I've added the provision to merge the mappings in __free_one_page() because
at that spot we know for sure we can replace multiple PTEs with a single
PMD.

I'm not saying there should be no additional mechanism for collapsing
direct map pages, but I don't know when and how it should be invoked.
 
> > > For example:
> > > 	1) set_memory_ro() splits 1 RW PMD entry into 511 RW PTE
> > > 	entries and 1 RO PTE entry.
> > > 
> > > 	2) before freeing the pages, we call set_memory_rw() and we have
> > > 	512 RW PTE entries.
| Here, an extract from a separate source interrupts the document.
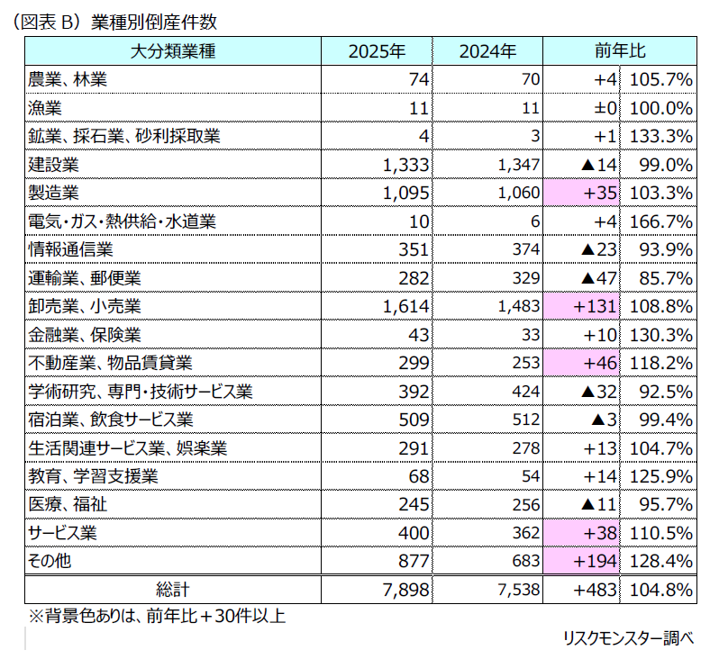 一方で、「製造業」や「建設業」は依然として高止まりしている。資材価格の変動や人手不足による工期遅延が直撃し、資金繰りを悪化させる構造的課題を抱えている。

Then we can merge it to 1 RW PMD entry.
> > 
> > For this we need to check permissions of all 512 pages to make sure we can
> > use a PMD entry to map them.
> 
> Of course that may be slow. Maybe one way to optimize this is using some bits
> in struct page, something like: each bit of page->direct_map_split (unsigned long)
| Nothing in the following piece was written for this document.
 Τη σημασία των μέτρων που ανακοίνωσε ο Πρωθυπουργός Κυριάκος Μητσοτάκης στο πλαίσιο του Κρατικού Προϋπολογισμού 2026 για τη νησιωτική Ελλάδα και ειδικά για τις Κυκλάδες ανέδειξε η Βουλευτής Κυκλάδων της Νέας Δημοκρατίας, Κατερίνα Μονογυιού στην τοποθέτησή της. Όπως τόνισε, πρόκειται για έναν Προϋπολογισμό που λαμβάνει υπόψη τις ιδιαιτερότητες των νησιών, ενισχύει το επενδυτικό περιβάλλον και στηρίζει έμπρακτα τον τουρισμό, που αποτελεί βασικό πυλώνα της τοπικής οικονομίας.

> is set when at least one entry in (PTRS_PER_PTE = 512)/(BITS_PER_LONG = 64) = 8 entries
> has special permissions.
> 
> Then we just need to set the corresponding bit when splitting mappings and
> iterate 8 entries when changing permission back again. (and then unset the bit when 8 entries has
> usual permissions). we can decide to merge by checking if page->direct_map_split is zero.
> 
> When scanning, 8 entries would fit into one cacheline.
> 
> Any other ideas?
> 
> > Not sure that doing the scan in each set_memory call won't cause an overall
> > slowdown.
> 
> I think we can evaluate it by measuring boot time and bpf/module
> load/unload time.
> 
> Is there any other workload that is directly affected
> by performance of set_memory*()?
> 
> > > 	3) after 2) we can do same thing about PMD-sized entries
> > > 	and merge them into 1 PUD entry if 512 PMD entries have
> > > 	same permissions.
> > > [...]
> > > > Mike Rapoport (3):
> > > >   mm/page_alloc: introduce __GFP_UNMAPPED and MIGRATE_UNMAPPED
> > > >   mm/secretmem: use __GFP_UNMAPPED to allocate pages
> > > >   EXPERIMENTAL: x86/module: use __GFP_UNMAPPED in module_alloc
> > > -- 
> > > Thanks,
> > > Hyeonggon
> > 
> > -- 
> > Sincerely yours,
> > Mike.

-- 
Sincerely yours,
Mike.